Sorcellerie, magie, fétiches

Un sage disait un jour : « Si j’étais tout-puissant, je rendrais aux mots leur vrai sens ». C’est bien un travail nécessaire de nos jours, et spécialement dans le domaine de l’occultisme ; sinon, on finit par ne plus se comprendre, au détriment de la communication. Et ce flou peut donner feu vert à des amalgames et à des confusions entre la foi chrétienne( musulmane aussi ? ) et certains comportements occultistes. Visons donc ici à beaucoup de précision, afin d’éviter tout quiproquo..

Celui qui fait profession de la sorcellerie est le sorcier (du latin sortiarius ). Cette profession, aussi vieille que l’homme et très répandue au Moyen Age, vise à prévoir et à diriger le destin (sort) par des sortilèges. Elle vise particulièrement à nuire au prochain par un maleficium (maléfice).

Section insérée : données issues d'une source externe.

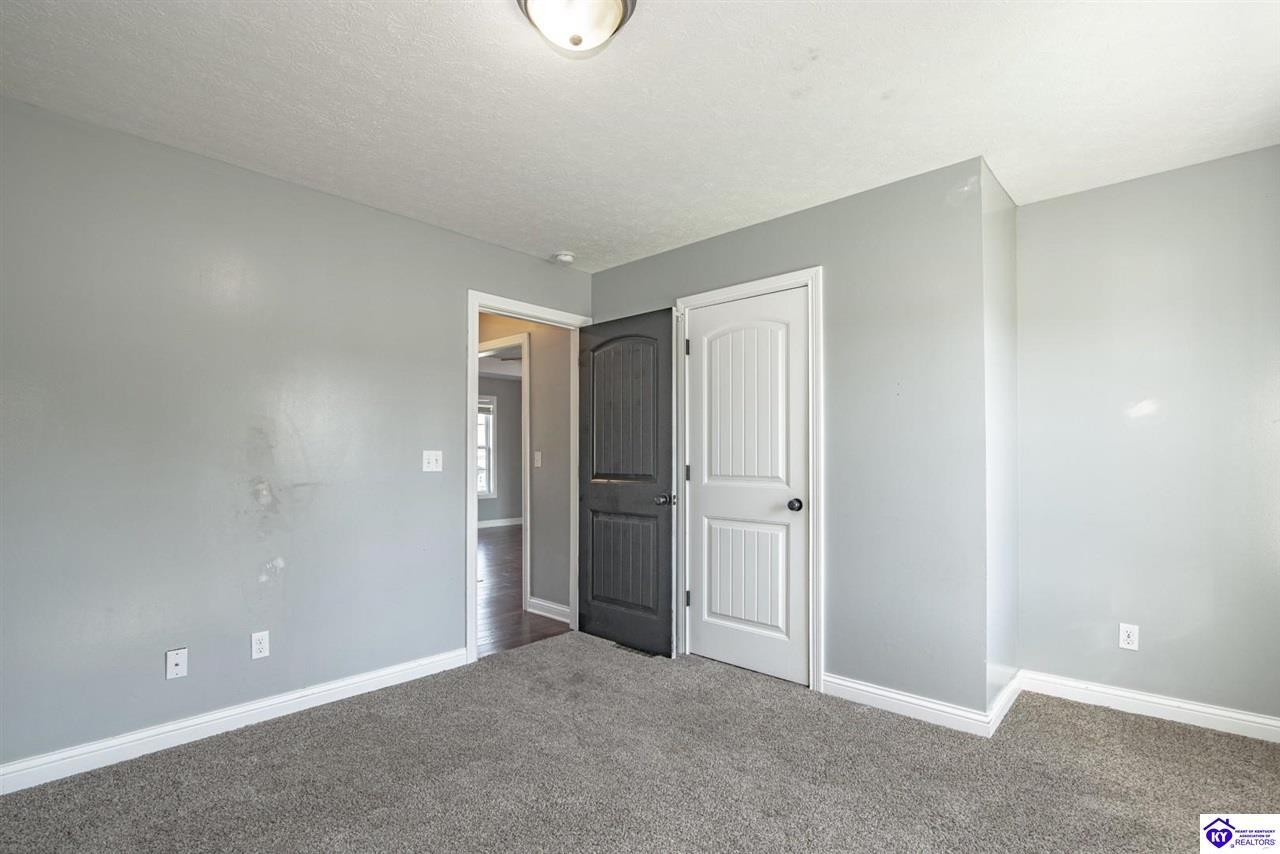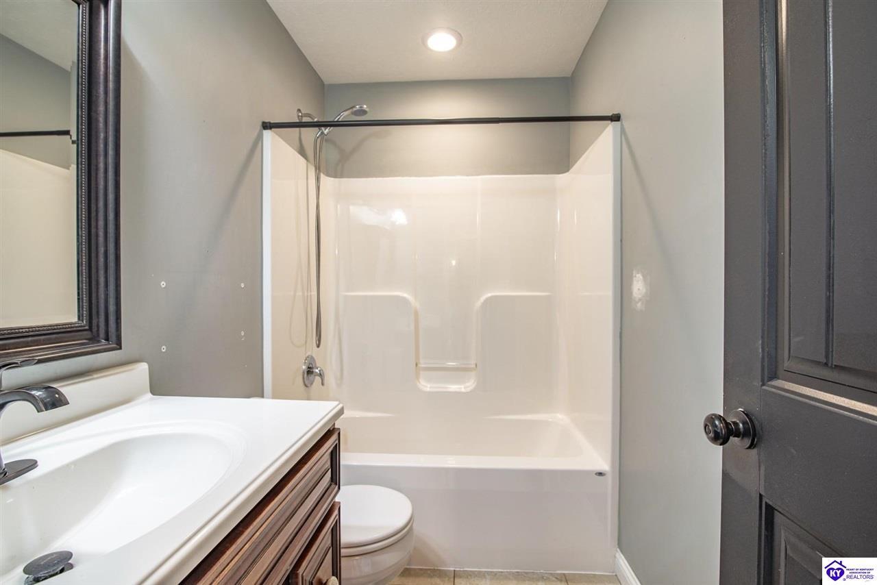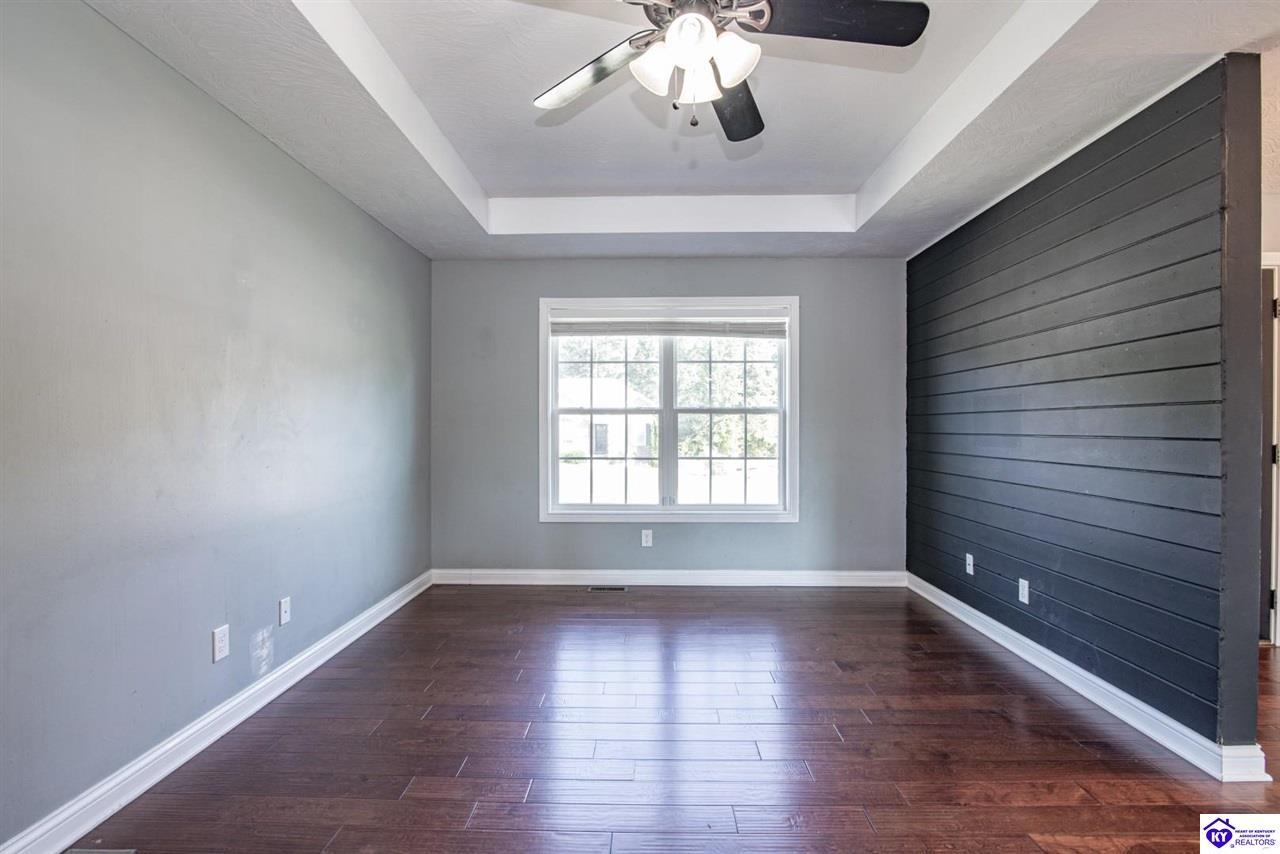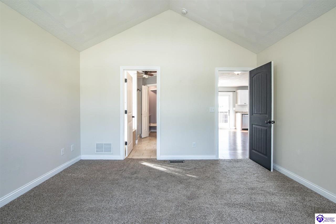 Realtor's notes: Nestled in the peaceful community of Cormans Crossing in Coxs Creek, this stunning three-bedroom, three-bathroom home welcomes you with impressive curb appeal that'll make your neighbors do a double-take. The concrete curbing and plush landscaping create a picture-perfect entrance, while the sprinkler system keeps everything green without you lifting a finger. Step inside to discover an abundance of natural light flowing through the open floor plan. Engineered hardwood flooring guides you through the main living areas, creating a seamless flow that's perfect for both everyday living and entertaining guests. The heart of the home features crisp white cabinetry that brightens the space, while cozy carpet in the bedrooms provides comfort underfoot. The primary bedroom is a true retreat with vaulted ceilings, a luxurious double sink vanity, and a jetted tub for those well-deserved relaxing moments. A separate shower and walk-in closet with built-in organizers complete the space with elegance. The finished walkout basement expands your living space with a comfortable family room and potential fourth bedroom with ensuite bathroom. Step outside, the fenced backyard is an entertainer's dream featuring a large deck, beautiful landscaping, and an above-ground pool that promises endless summer fun. This split bedroom floor plan perfectly balances comfort, style, and functionality in one of Kentucky's most charming communities.

En Afrique, la sorcellerie existait déjà au sein de l’ethnie Afri (d’où le nom Afrique) au nord du continent.

En Occident, le sortiarius est « l’héritier des magiciens de l’ancienne Perse et de l’Assyrie, qui avaient commencé par l’étude officielle des astres et avaient fini par recourir à des méthodes occultes visant à assurer des vengeances particulières »(1).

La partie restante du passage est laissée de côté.